“We the People of the United States, in Order to form a more perfect Union, establish Justice, insure domestic Tranquility, provide for the common defence, promote the general Welfare, and secure the Blessings of Liberty to ourselves and our Posterity do ordain and establish this Constitution for the United States of America.”
Pretty heady stuff, that Preamble. As we approach the ninth anniversary of America’s wake-up call to the new world of global terror, it seems appropriate to focus on the fourth objective of The Constitution of the United States.
Prior to 9/11, seventeen individual government entities were tasked with the gathering of intelligence in support of America’s national security. You’d think that should be sufficient to accomplish the objective. But it wasn’t, because the agencies were acting like a pack of wild dogs snarling over bones as they each protected their individual “work product” rather than share it. Typical bureaucratic squabbling ruled the process in an orgy of self-preservation.

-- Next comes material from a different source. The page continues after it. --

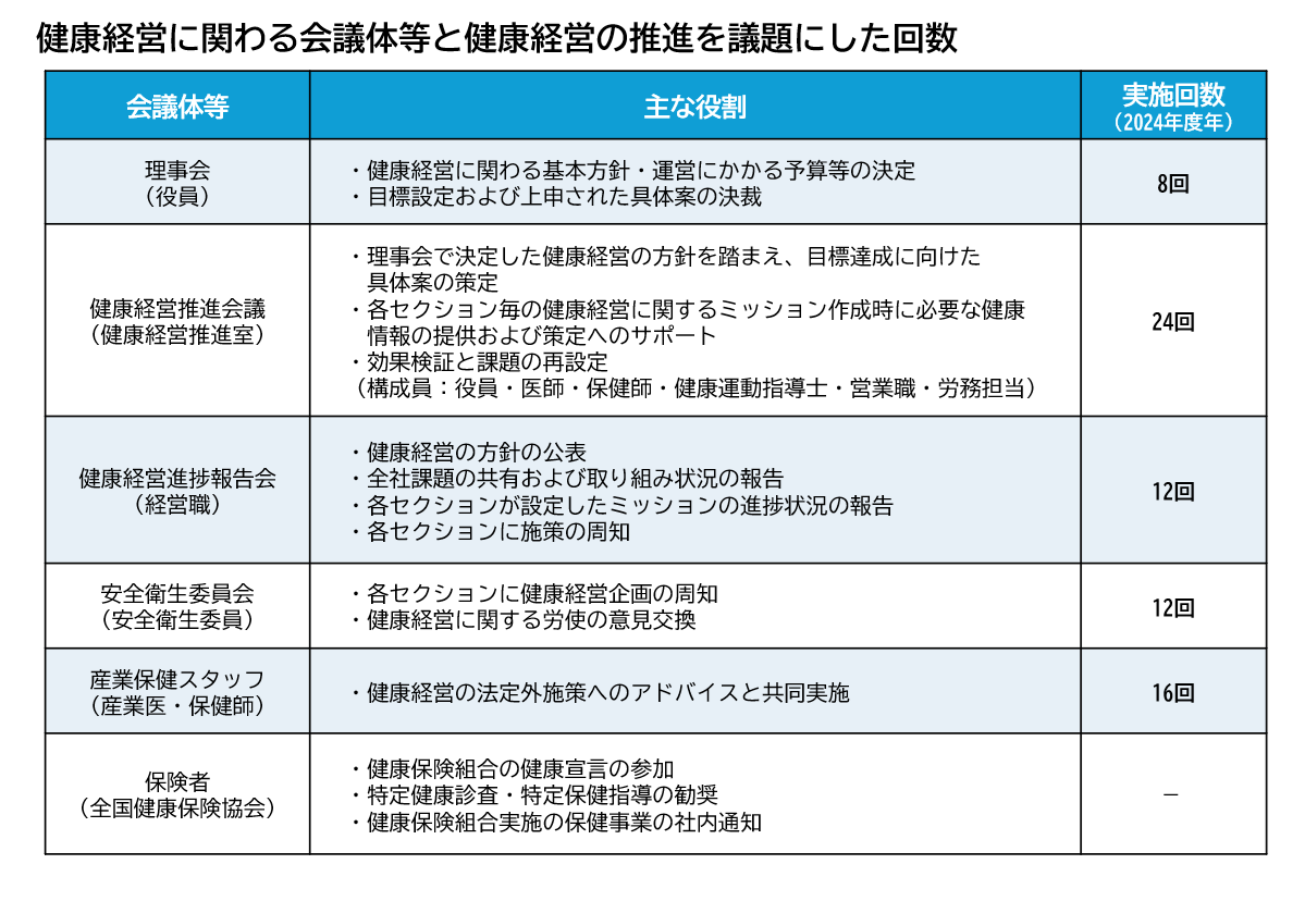 各セクションに健康経営の課題の企画や実践など権限を付与することで健康経営が

In one of the most egregious examples of pervasive incompetence, the Phoenix memo was ignored. It sent a very clear warning up the chain of command that flight schools in Arizona were training persons who wanted only to learn how to fly the Boeing 757 jetliner. Hello? You don’t need to takeoff or land? Maybe we should look into that.
But we didn’t. And those very individuals, teamed with others, all of whom had entered the US without raising suspicion and were living here for an extended period, pulled off the most spectacular and effective terrorist attack in the history of the world. And how did they do that?

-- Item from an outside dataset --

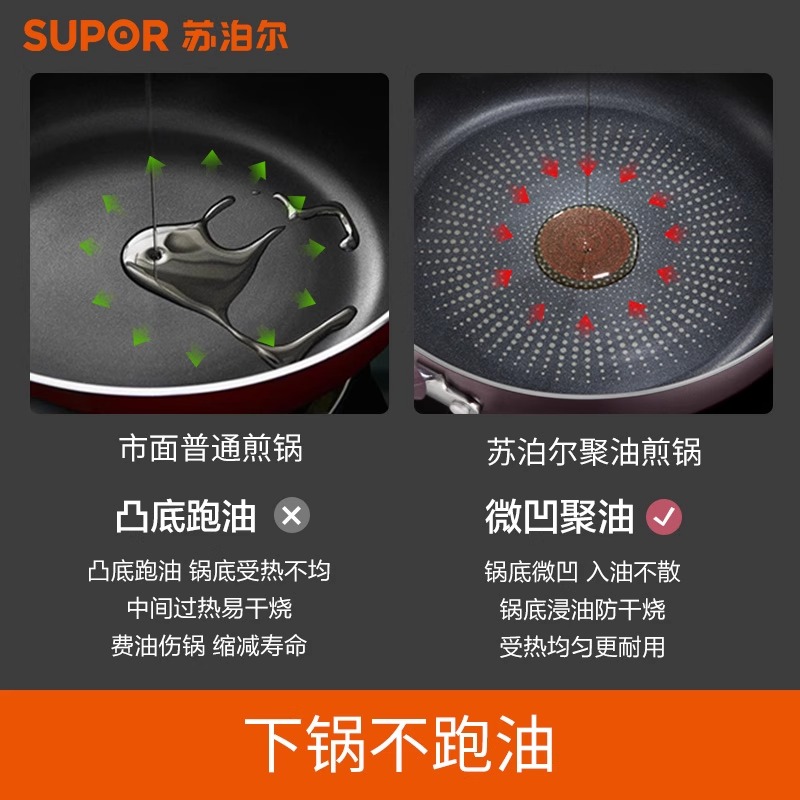 苏泊尔平底锅不粘锅聚油煎锅家用煎饼煎蛋牛排煎锅燃气电磁炉通用

Learning to fly an airliner doesn’t do you any good if you can’t get on it with the ability to take control. The US government knew full well, as did the terrorists, that the Boston Logan International Airport had a security system best described as “Swiss cheese” by Mary Schiavo, then Inspector General of the United States Department of Transportation.

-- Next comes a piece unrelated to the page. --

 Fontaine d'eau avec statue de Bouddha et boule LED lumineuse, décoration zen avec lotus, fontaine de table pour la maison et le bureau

Terrorists got jobs with the catering company that supplied the airlines. The planners picked four closely spaced flights going long distances, which requires lots of jet fuel. The caterers knew the assigned seats of each of their compatriots and slipped box cutters into the seat-back pockets in front of each terrorist. In a coordinated attack, they slit the throats of flight attendants to create instant shock and awe and quell rebellion within the cabin. Once in control of the airplanes, they altered course to their targets.
In terms of the WTC attacks, there’s a reason they aimed the airplanes where they did. Thousands of gallons of jet fuel burning within the buildings weakened the steel support structure so that it would begin to buckle. Once the massive weight of the floors above the impact point moved even the slightest bit, inertia ruled. Like a pile driver, the upper floors crushed everything below.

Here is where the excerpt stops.